= Maher Hathout =

Maher Hathout (January 1, 1936 – January 3, 2015) was a leading American-Muslim community leader of Egyptian origin. Hathout helped found the Muslim Public Affairs Council and spoke extensively against Islamic radicalism.

Born in Cairo, Egypt in 1936, Hathout eventually moved to Buffalo, New York, and then to Los Angeles. He immersed himself in volunteering at the Islamic Center of Southern California (ICSC) as Chairman and Spokesperson. The Islamic Center became a vehicle for a vision of Islam in America that is rooted in what Hathout called the definition of home: "Home is not where my grandparents are buried, but where my grandchildren will be raised."

Hathout stressed throughout his life that being a faithful Muslim was entirely compatible with being a proud American, and that Islam is a religion of coexistence, reason and moderation.
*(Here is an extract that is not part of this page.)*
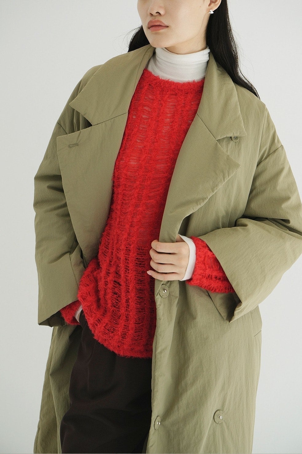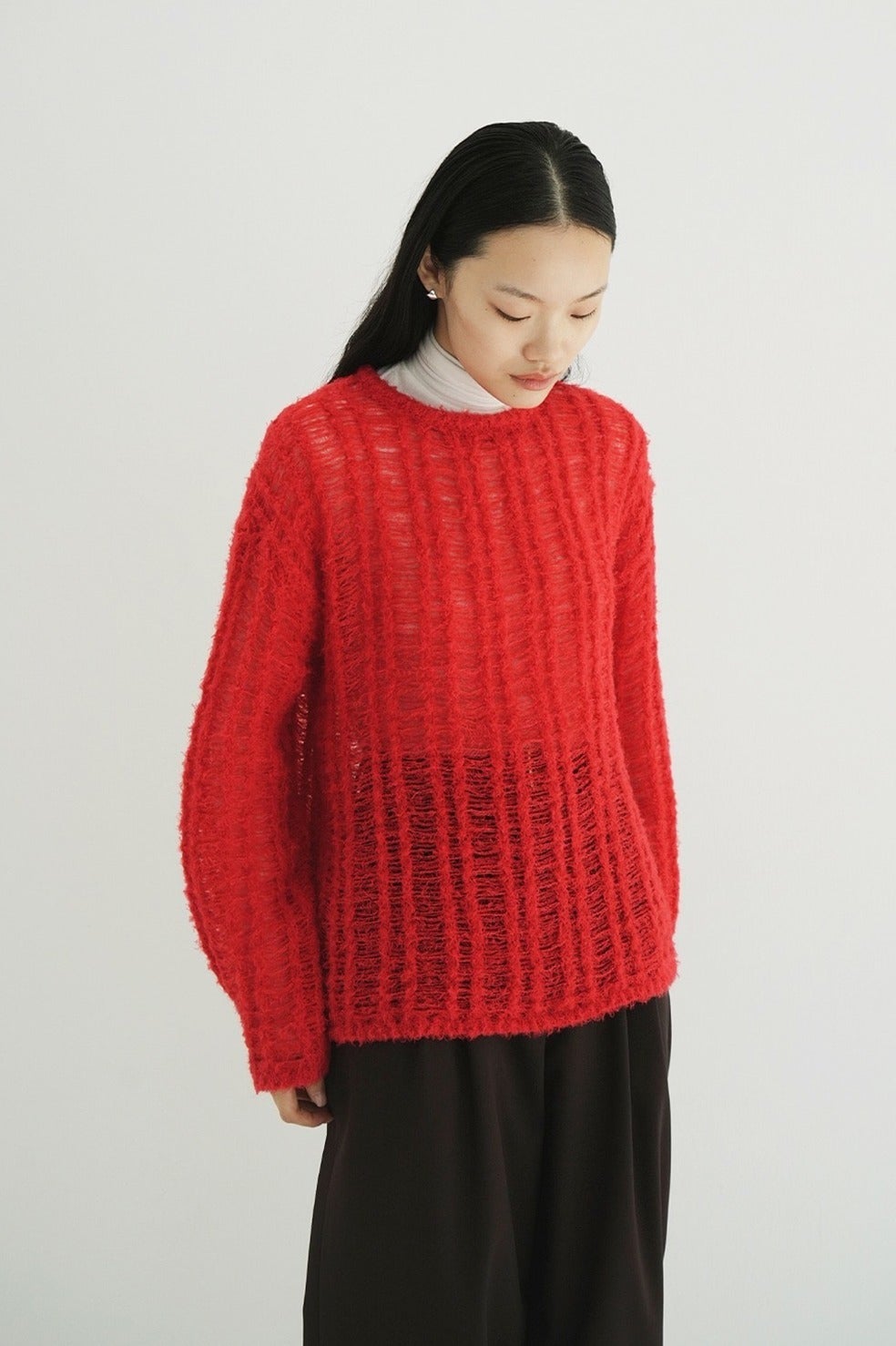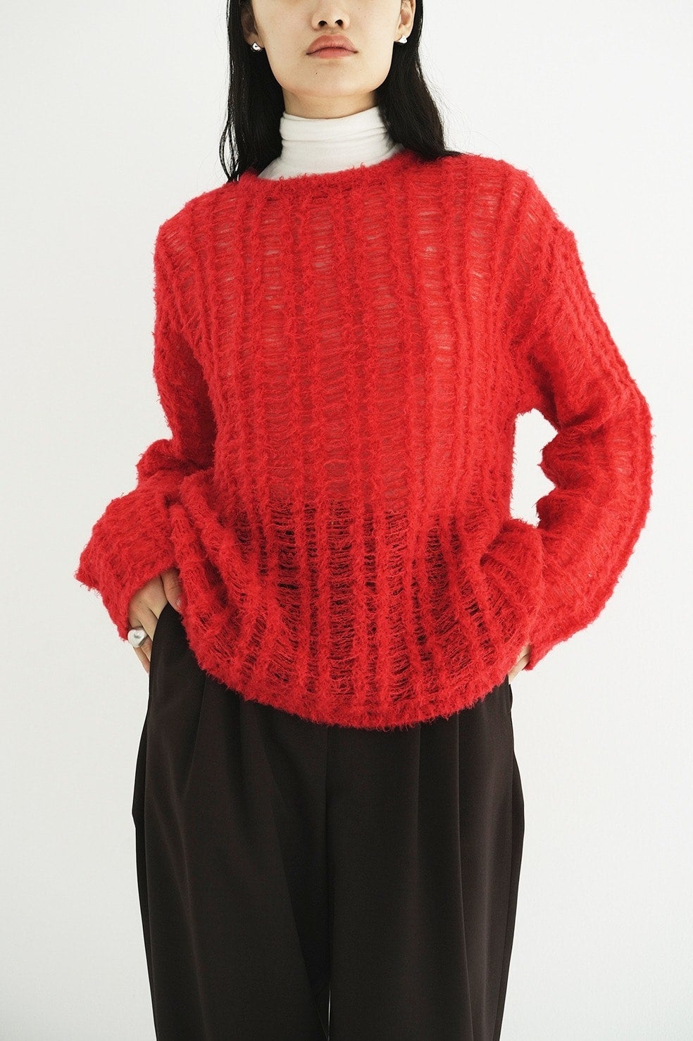 太番手のモヘアとソフトなシャギー糸をミックスさせ、程よい毛足感を表現しました。針抜き組織にすることで軽さを出し、ふんわりとした風合いに仕上げています。袖と着丈を長めに設定し、身幅を広くとったルーズなシルエットで、シンプルながらも素材の表情が引き立つ一枚。

While he criticized Salman Rushdie’s book The Satanic Verses, finding it "insulting", he also condemned Ayatollah Khomeini's fatwa against him and defended his right to free speech. (He faced death threats from Muslims because of his stance.)

He was also among the pioneers of interfaith engagement within the American Muslim community, helping found the Religious Coalition Against War in the Middle East with Rev. George Regas and Rabbi Leonard Beerman in 1991. Hathout was a charter member of the Pacific Council on International Policy, the western partner of the Council on Foreign Relations, and served on the board of directors of the Interfaith Alliance and Claremont Lincoln University.

Over the years, Hathout was invited repeatedly to Capitol Hill and the State Department to address a variety of topics, such as "Islam and U.S. Policy," "Islamic Democracy," "Emerging Trends in Islamic Movements," and "The Future of the Middle East." He was also the first Muslim invited to give the invocation prayer at the Democratic National Convention in 2000, as well as a benediction at the Republican National Convention that same year.

Hathout was the recipient of many awards, including the George Regas Courageous Peacemaker Award, the Islamic Shura Council of Southern California's Lifetime Service Award, the South Coast Interfaith Council Award for his lifelong commitment to interfaith work and the Los Angeles County John Allen Buggs Award for excellence in human relations. He died of cancer in Duarte, California on January 3, 2015.